### YOUR TASK
Once you find the line containing "ประจำไตรมาส 1/2569 พบปรับลดลงอย่างรุนแรง" in the data below, copy it and each following line exactly, up to and including the line containing "Maurice Meyer, Moonlit", and nothing else.

### RECORDS SUPPLIED
++++

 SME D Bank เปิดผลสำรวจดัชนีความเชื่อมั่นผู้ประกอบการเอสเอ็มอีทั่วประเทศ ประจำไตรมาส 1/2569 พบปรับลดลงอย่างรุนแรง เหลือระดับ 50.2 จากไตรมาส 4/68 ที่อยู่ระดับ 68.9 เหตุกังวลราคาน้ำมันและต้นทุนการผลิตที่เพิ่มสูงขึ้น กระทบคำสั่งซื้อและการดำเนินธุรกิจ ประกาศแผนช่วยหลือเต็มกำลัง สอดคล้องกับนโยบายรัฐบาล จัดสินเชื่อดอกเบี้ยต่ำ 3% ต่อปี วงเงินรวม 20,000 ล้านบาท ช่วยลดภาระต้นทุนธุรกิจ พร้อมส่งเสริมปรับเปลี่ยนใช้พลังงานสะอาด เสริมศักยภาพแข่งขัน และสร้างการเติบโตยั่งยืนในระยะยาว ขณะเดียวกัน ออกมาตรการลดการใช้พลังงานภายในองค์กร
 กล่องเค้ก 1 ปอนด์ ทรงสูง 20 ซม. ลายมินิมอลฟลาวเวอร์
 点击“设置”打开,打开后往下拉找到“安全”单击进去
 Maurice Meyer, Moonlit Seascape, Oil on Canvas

++++

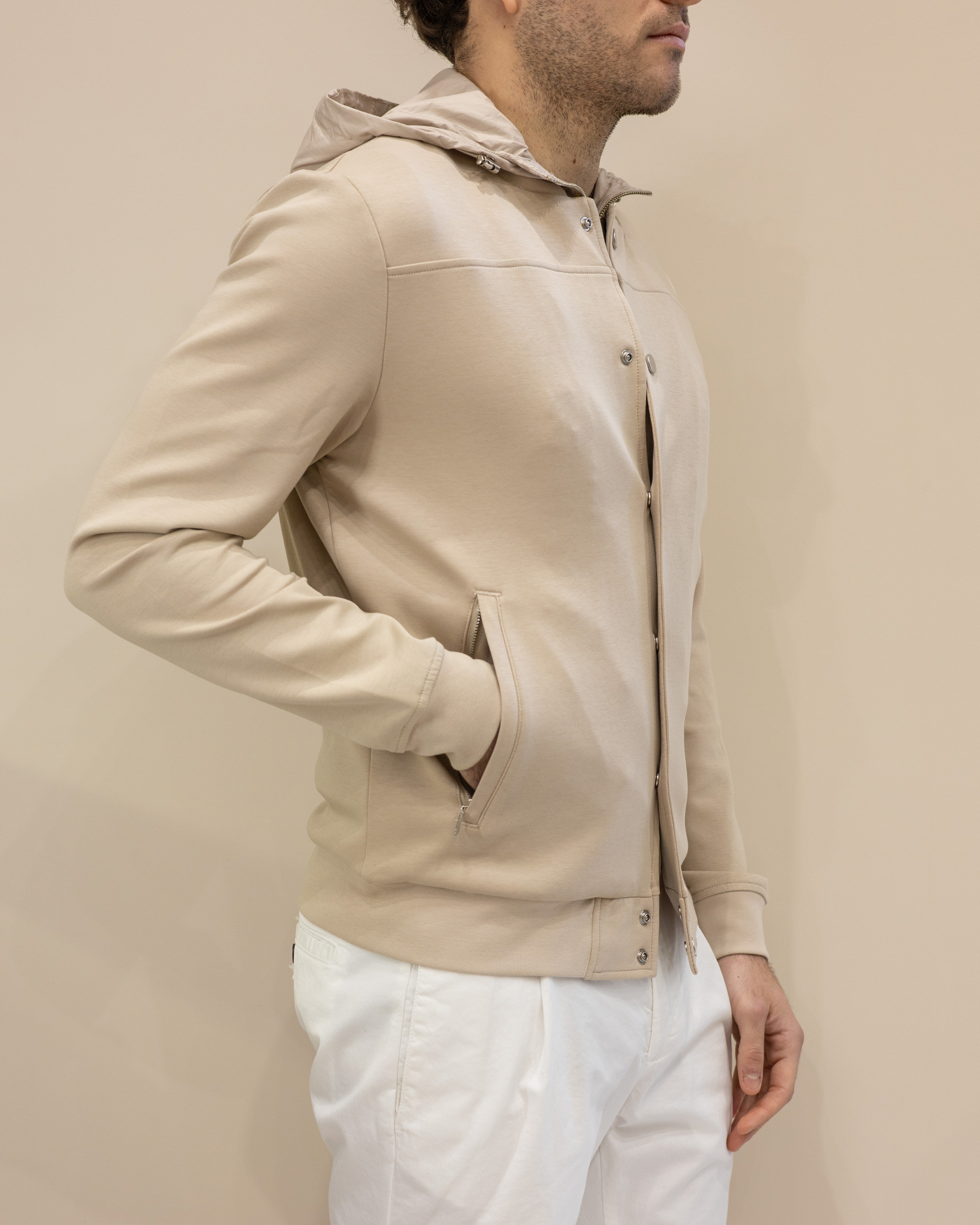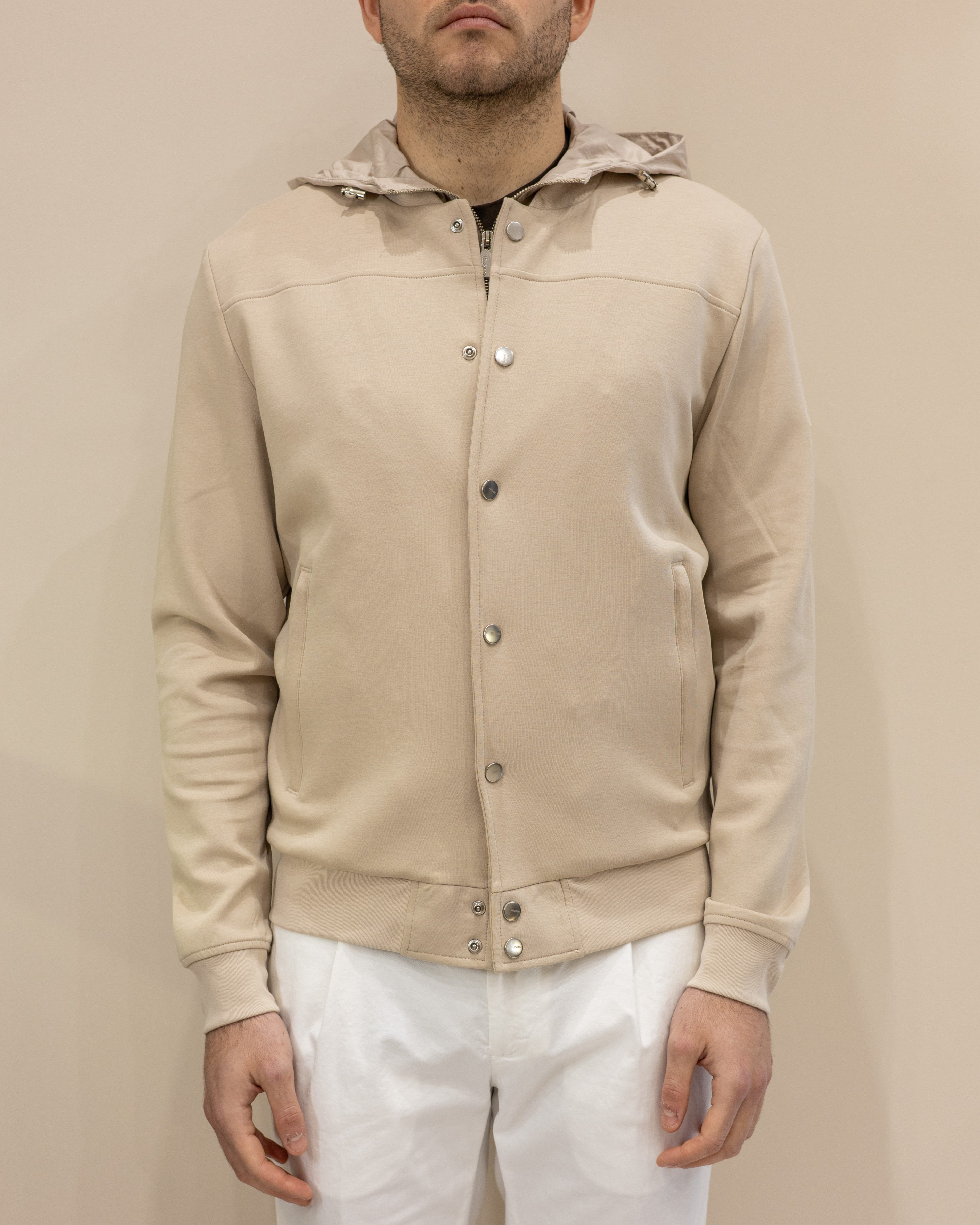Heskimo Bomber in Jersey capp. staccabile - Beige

++++

### PROBLEM SOLUTION
 SME D Bank เปิดผลสำรวจดัชนีความเชื่อมั่นผู้ประกอบการเอสเอ็มอีทั่วประเทศ ประจำไตรมาส 1/2569 พบปรับลดลงอย่างรุนแรง เหลือระดับ 50.2 จากไตรมาส 4/68 ที่อยู่ระดับ 68.9 เหตุกังวลราคาน้ำมันและต้นทุนการผลิตที่เพิ่มสูงขึ้น กระทบคำสั่งซื้อและการดำเนินธุรกิจ ประกาศแผนช่วยหลือเต็มกำลัง สอดคล้องกับนโยบายรัฐบาล จัดสินเชื่อดอกเบี้ยต่ำ 3% ต่อปี วงเงินรวม 20,000 ล้านบาท ช่วยลดภาระต้นทุนธุรกิจ พร้อมส่งเสริมปรับเปลี่ยนใช้พลังงานสะอาด เสริมศักยภาพแข่งขัน และสร้างการเติบโตยั่งยืนในระยะยาว ขณะเดียวกัน ออกมาตรการลดการใช้พลังงานภายในองค์กร
 กล่องเค้ก 1 ปอนด์ ทรงสูง 20 ซม. ลายมินิมอลฟลาวเวอร์
 点击“设置”打开,打开后往下拉找到“安全”单击进去
 Maurice Meyer, Moonlit Seascape, Oil on Canvas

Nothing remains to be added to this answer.